A fraction chart is a part-to-whole display that shows how a total is divided among categories using fractions (or equivalent proportions/percentages). In statistics, it is most naturally interpreted as a relative frequency chart: each fraction equals the category count divided by the total count.
1) Core computation behind a fraction chart
Suppose a dataset has categories \(C_1, C_2, \ldots, C_k\) with counts \(x_1, x_2, \ldots, x_k\), and total \(n=\sum_{i=1}^{k} x_i\). The fraction (relative frequency) for category \(C_i\) is
\[ f_i=\frac{x_i}{n}. \]
Conversions commonly shown by a fraction chart:
- Decimal (proportion): \(f_i\) as a decimal.
- Percent: \(100 \cdot f_i\%\).
- Pie-slice angle (if drawn as a circle): \(\theta_i = 360^\circ \cdot f_i\).
Consistency check: A correct fraction chart must satisfy \[ \sum_{i=1}^{k} f_i = 1. \] Small rounding differences can occur if decimals or percents are rounded.
2) Worked example (from counts to a fraction chart)
Example dataset: a class survey recorded the preferred study method for \(n=40\) students.
| Category | Count \(x_i\) | Fraction \(f_i=\dfrac{x_i}{40}\) | Decimal | Percent | Pie angle \(\theta_i=360^\circ \cdot f_i\) |
|---|---|---|---|---|---|
| Reading notes | 20 | \(\dfrac{20}{40}=\dfrac{1}{2}\) | \(0.50\) | \(50\%\) | \(360^\circ \cdot 0.50=180^\circ\) |
| Practice problems | 12 | \(\dfrac{12}{40}=\dfrac{3}{10}\) | \(0.30\) | \(30\%\) | \(360^\circ \cdot 0.30=108^\circ\) |
| Group discussion | 8 | \(\dfrac{8}{40}=\dfrac{1}{5}\) | \(0.20\) | \(20\%\) | \(360^\circ \cdot 0.20=72^\circ\) |
The fractions sum to one: \[ \frac{1}{2}+\frac{3}{10}+\frac{1}{5}=\frac{5}{10}+\frac{3}{10}+\frac{2}{10}=\frac{10}{10}=1. \]
3) Visualization: a bar-style fraction chart (part-to-whole)
4) Interpreting a fraction chart as probability
When the chart is built from observed counts, each fraction \(f_i=\dfrac{x_i}{n}\) is also the empirical probability of selecting a random observation in category \(C_i\).
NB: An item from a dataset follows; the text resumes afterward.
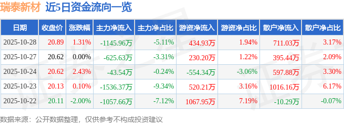 证券之星消息,截至2025年10月28日收盘,瑞泰新材(301238)报收于20.89元,上涨1.31%,换手率1.47%,成交量10.76万手,成交额2.24亿元。
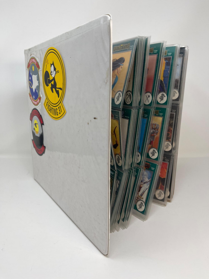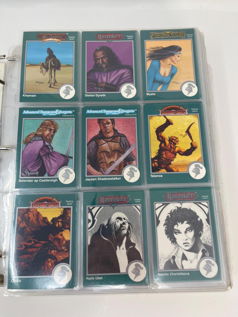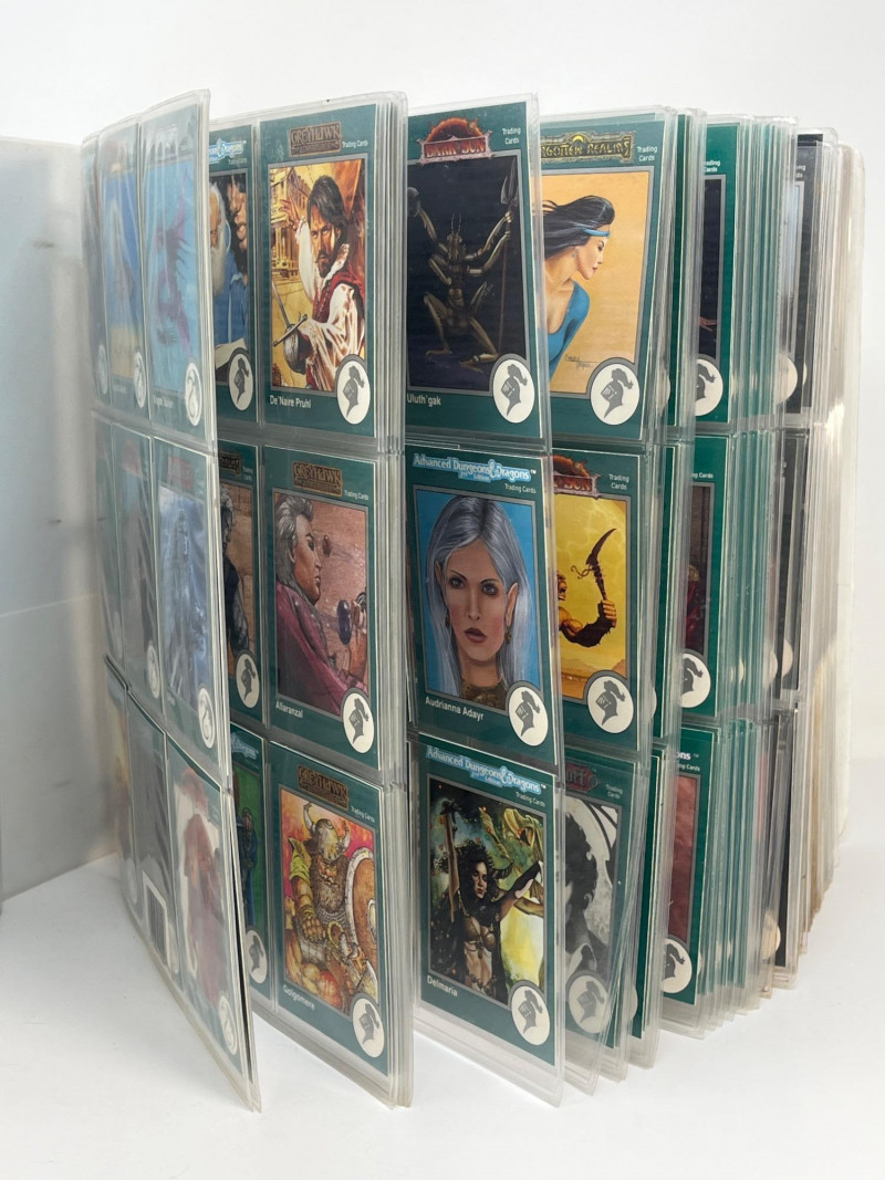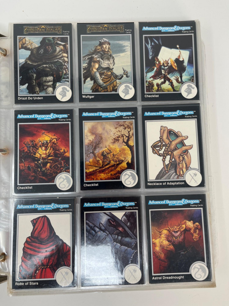 This lot includes Dungeons and Dragons trading cards from the early 1990’s and are all contained in a large 3 ring binder. Completeness of set and condition of cards is unknown. Please note that we do not go through trading card sets to assess their completeness. While we do make every effort to describe the exact contents of each lot, we cannot guarantee that a previously opened box contains every card advertised on its label. Unless the description expressly states that a case or box is sealed, please assume that the card set inside is or may be incomplete.

For the example above:
- \(\Pr(\text{Reading notes})=\dfrac{20}{40}=\dfrac{1}{2}\).
- \(\Pr(\text{Practice problems})=\dfrac{12}{40}=\dfrac{3}{10}\).
- \(\Pr(\text{Group discussion})=\dfrac{8}{40}=\dfrac{1}{5}\).
5) Common mistakes a fraction chart should avoid
- Using the wrong total: \(n\) must be the sum of all category counts.
- Fractions not summing to 1: check \(\sum f_i=1\) before graphing.
- Mixing part-to-part with part-to-whole: a fraction chart is part-to-whole; each fraction must use the same denominator \(n\).
- Rounding drift: rounding percents can make totals appear as \(99\%\) or \(101\%\); the underlying fractions still sum to 1.